Recurrent UTI prevention — what the supplement evidence supports
Recurrent urinary tract infection — defined as two or more in six months, or three or more in a year — affects a meaningful fraction of women, especially after menopause. The supplement category around UTI prevention has more enthusiasm than evidence, but two compounds genuinely work and one prescription option is far more effective than the supplement layer.
The supplements with the strongest prevention evidence
D-mannose
2 g/day for prevention, ongoing; trial protocols use 2 g once daily or 1 g twice daily
D-mannose is a simple sugar that binds the FimH adhesin on uropathogenic E. coli, the bacterium responsible for ~80% of community-acquired UTIs. Bound bacteria are flushed out rather than adhering to the urinary epithelium. Multiple RCTs show prevention benefit comparable to low-dose prophylactic antibiotics in recurrent-UTI women, with substantially fewer side effects and no antibiotic-resistance pressure. Generally very well tolerated. Mild osmotic GI effects at higher doses. Limited data in pregnancy; conservative practice is to discuss with your OB.
Cranberry extract (PAC-standardised, ≥36 mg PAC/day)
36 mg proanthocyanidins (PAC) per day from a standardised extract — this is the trial-validated threshold
The cranberry literature is messier than the marketing suggests. The active compounds are A-type proanthocyanidins (PACs), which inhibit bacterial adhesion. The dose threshold matters: trials below 36 mg PAC/day are typically null; trials at or above the threshold are typically positive in cohort and prevention RCTs. The 2023 Cochrane review confirmed prevention benefit in women with recurrent UTI. Cranberry juice and most consumer cranberry capsules deliver too little PAC at standard servings — look explicitly for products that disclose PAC content (Ellura is a commonly-cited example at 36 mg PAC/capsule).
Vaginal estrogen (prescription)
Topical estradiol cream, ring, or tablet — clinician-prescribed
Not a supplement, but worth listing because it has substantially better recurrent-UTI prevention evidence than any supplement in postmenopausal women. The mechanism — restoring vaginal lactobacillus colonisation and reducing periurethral colonisation by uropathogens — is well-established. Local (vaginal) estrogen does not carry the systemic risks of oral hormone therapy. If you are postmenopausal with recurrent UTI, this is the conversation to have first.
The supplements with smaller-but-suggestive evidence
- Lactobacillus probiotics (specific strains: L. rhamnosus GR-1, L. reuteri RC-14) — small studies in oral or intravaginal protocols. Evidence base is thinner than D-mannose or cranberry. The two named strains have the most-cited UTI-specific data; generic "women's probiotic" products typically do not include them at trial-validated doses.
- Vitamin D3 (in deficient patients) — observational associations between low 25-OH-D and recurrent UTI. Reasonable to replete deficiency for general health reasons; UTI-specific trial evidence is preliminary.
- Methenamine hippurate — not a supplement (OTC in some jurisdictions, prescription in others). The 2022 ALTAR trial established it as non-inferior to antibiotic prophylaxis for recurrent UTI prevention, with substantially less antibiotic resistance. Worth knowing about and asking your clinician.
What to skip
- Plain cranberry juice — typically PAC content too low at any reasonable serving; sugar load substantial; no consistent benefit in trials.

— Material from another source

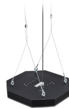
UV-C disinfection upper air suspended version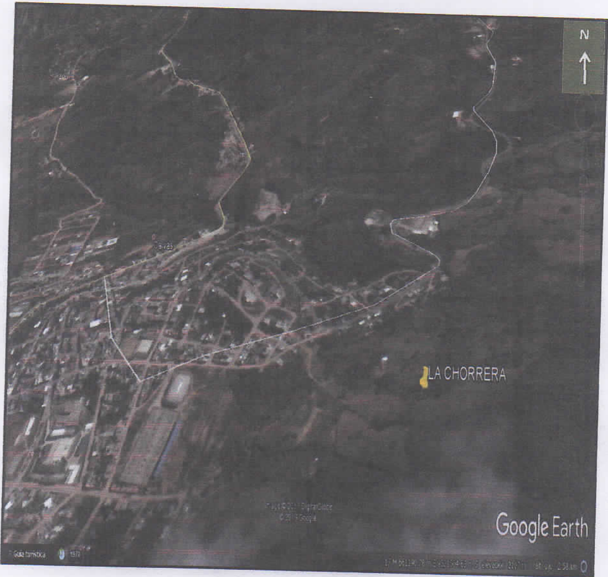
DIAGRAMA DEL MUESTREO

- Generic "urinary tract support" multi-ingredient products — combine sub-therapeutic doses of cranberry, D-mannose, hibiscus, and others.
- Uva ursi (bearberry) for chronic use — short-term efficacy for active symptoms is suggested in old literature, but contains hydroquinone which is hepatotoxic and potentially carcinogenic with chronic use. Not for prevention.
- Hibiscus tea (high-dose extracts) — limited evidence and theoretical antiplatelet concerns at high doses.
- "Alkaline" urine cleanses — alkalinisation does not improve outcomes in most UTI scenarios; the popular potassium citrate / sodium bicarbonate protocols carry their own electrolyte risks.
- Colloidal silver — no evidence, real risk of permanent skin discoloration (argyria).
The non-supplement layer that matters
Several behavioural and clinical interventions have meaningful UTI-prevention evidence: post-coital voiding (small but consistent effect in women whose UTIs are sex-related), adequate fluid intake (the 2018 RCT of an extra 1.5 L/day in women with low baseline fluid intake reduced recurrence by ~50%), front-to-back wiping, avoiding spermicide-based contraception (associated with higher UTI rates). Daily prophylactic antibiotics work but build resistance and are increasingly disfavoured for long-term use. Methenamine hippurate is a reasonable non-antibiotic prescription alternative.
What to track
UTI episode count over 6-month windows. If recurrence persists despite supplement and lifestyle measures at 6 months, the conversation with urology or your primary care physician should consider methenamine hippurate, vaginal estrogen (postmenopausal), or imaging to rule out anatomic contributors.